Cependant, il peut être assez simple à mettre en place. Vous pouvez, par exemple, aller et revenir de la piscine en courant si elle n’est pas trop loin de chez vous. Également, à l’approche des beaux jours, allez nager en mer et entrainez-vous à courir jusqu’à votre voiture, enlevez votre combinaison le plus vite possible et partez pour un footing le long de la plage.
Il est aussi extrêmement important de bien tester son matériel. Si vous ne mettez pas de chaussettes dans vos chaussures, assurez-vous que vos pieds soient habitués à cette contrainte. Aussi, sur les formats L et XL, le ravitaillement sera un point clé de votre performance, alors essayez vos produits à l’entrainement.
Les compétitions et organisations
En France, l’aquathlon est encadré depuis peu par la fédération française de triathlon (FFTRI). Une licence de triathlon vous permettra donc de participer à toutes les épreuves proposées.

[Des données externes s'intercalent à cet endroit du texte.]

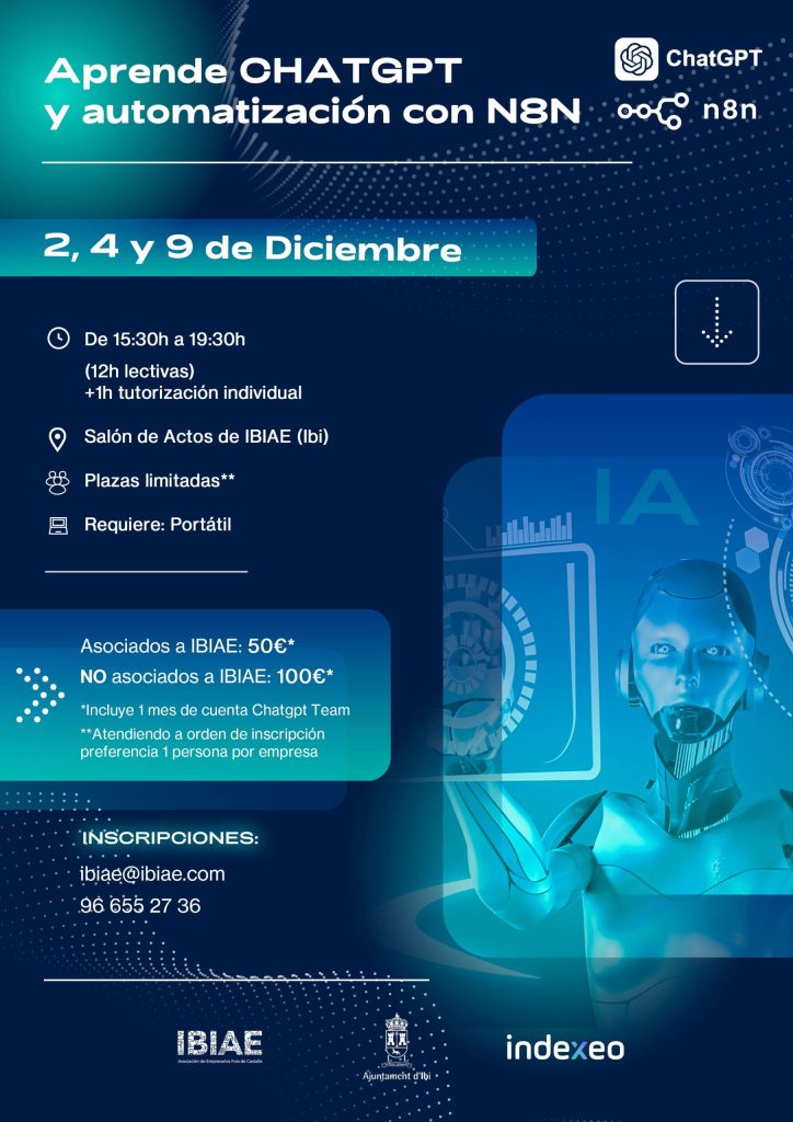 IBIAE organiza junto INDEXEO MARKETING los dÃas 2, 4 y 9 de diciembre una jornada formativa presencial para aprender a utilizar ChatGPT y N8N, la herramienta de automatización que permite optimizar procesos de trabajo sin necesidad de programar.

Si vous n’êtes pas licencié, un simple certificat médical d’aptitude suffira.
Sur le plan des organisations, on retrouve les championnats du monde ITU, souvent réalisés à la même période que ceux de triathlon. Ils regroupent les meilleurs de la discipline qui viennent se disputer le titre mondial ! En France, l’essor du triathlon et des sports enchainés a poussé à la multiplication des aquathlons. En tête d’affiche, on retrouve la YOTTA XP, une course folle à mi-chemin entre aquathlon et swimrun.
Les stars de la discipline
De nombreux triathlètes de renom se sont déjà essayés à cette discipline, et souvent avec réussite. Tim Don (2005), Alistair Brownlee (2016), Emma Pallant (2017) ont tous les trois déjà remportés le championnat du monde ITU.
Parmi les spécialistes, on retrouve Richard Varga (champion d’Europe et quadruple champion du monde), Shane Reed (triple champion du monde), Richard Stannard (triple champion du monde), Rina Hill (double championne du monde) et Samantha Warriner (double championne du monde).